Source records

□ □ □

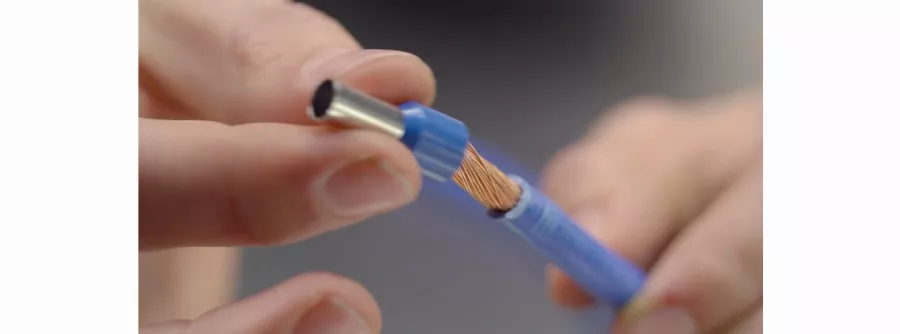 - Grâce au sertissage hexagonal, le coincement de petites cosses de conducteurs est exclu.
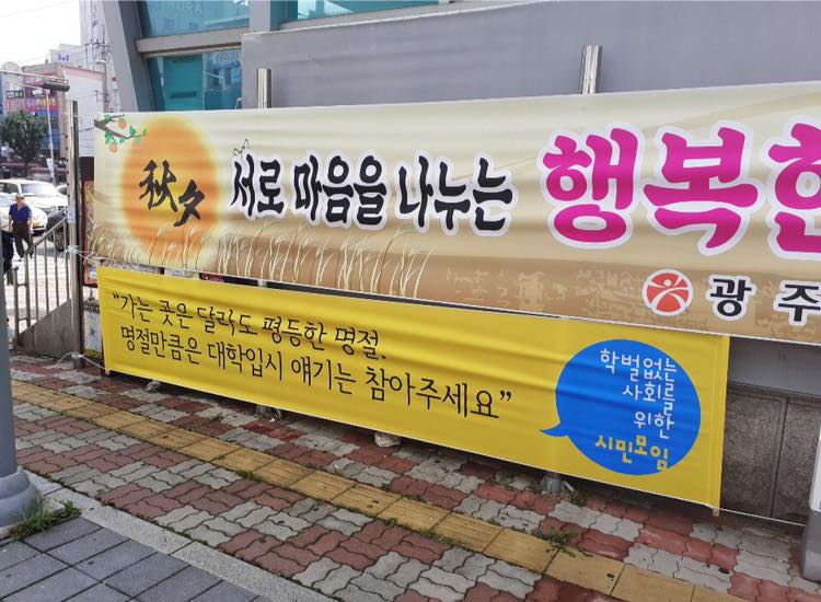 2019.9.11. 터미널, 기차역 주변에 명절 현수막을 게첨했습니다. “가는 곳은 달라도 평등한 명절. 명절만큼은 대학입시 얘기는 참아주세요.”
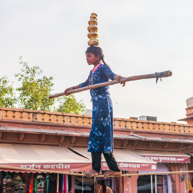 Tightrope walker within the Jodhpur metropolis market.
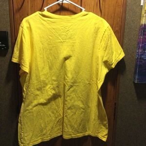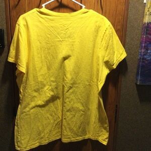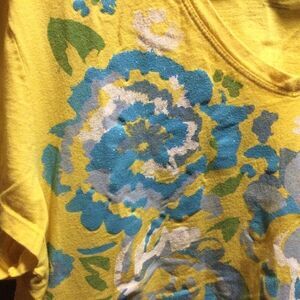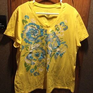 EUC. Just My Size brand women’s size 2X short sleeve tee with teal graphic on front of abstract floral with just a touch of glitter. Teal and green print on yellow background. Showing photos of front and back sides.
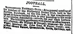 In 1880, some of the club members founded a junior offshoot which became a founder member of the Scottish Junior Football Association,[7] and Blythswood played in the inaugural Scottish Junior Cup that season; although the club beat Luton 1–0 in the first round,[8] a protest saw a replay being ordered,[9] and the club eventually lost in a second replay.[10] The last recorded game Blythswood game was a 9–0 defeat to the Hawthorne club in 1882;[11] a game against Glenburn scheduled for the next month does not seem to have taken place.[12]
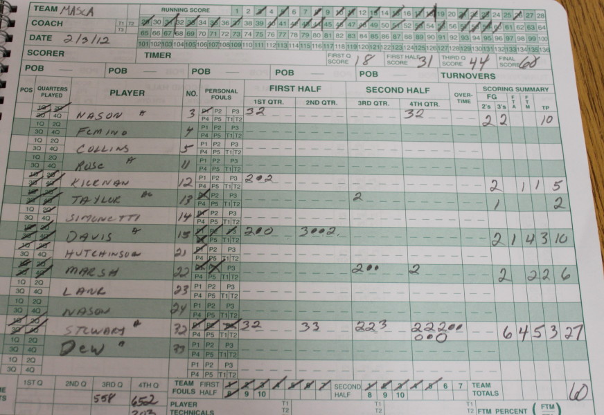Meanwhile, down the other end was Pentucket’s John McNamara. He spent more time on the court than most of his players. I did see him kick the bench – I have a coaching friend who broke a toe doing that. John had a legitimate complain late in the game when someone in the Masco band used their trumpet (?) as a noisemaker while Coley Viselli was shooting free throws. Earlier, with 4:16 left John got hit with a technical foul. Brooke Stewart made both technical foul shots.

□ □ □

# What is being asked:
The required output is the exact run of lines from the start of the records through the line containing "In 1880, some", both ends included, with no pictures.

# Exercise answer:
 - Grâce au sertissage hexagonal, le coincement de petites cosses de conducteurs est exclu.
 2019.9.11. 터미널, 기차역 주변에 명절 현수막을 게첨했습니다. “가는 곳은 달라도 평등한 명절. 명절만큼은 대학입시 얘기는 참아주세요.”
 Tightrope walker within the Jodhpur metropolis market.
 EUC. Just My Size brand women’s size 2X short sleeve tee with teal graphic on front of abstract floral with just a touch of glitter. Teal and green print on yellow background. Showing photos of front and back sides.
 In 1880, some of the club members founded a junior offshoot which became a founder member of the Scottish Junior Football Association,[7] and Blythswood played in the inaugural Scottish Junior Cup that season; although the club beat Luton 1–0 in the first round,[8] a protest saw a replay being ordered,[9] and the club eventually lost in a second replay.[10] The last recorded game Blythswood game was a 9–0 defeat to the Hawthorne club in 1882;[11] a game against Glenburn scheduled for the next month does not seem to have taken place.[12]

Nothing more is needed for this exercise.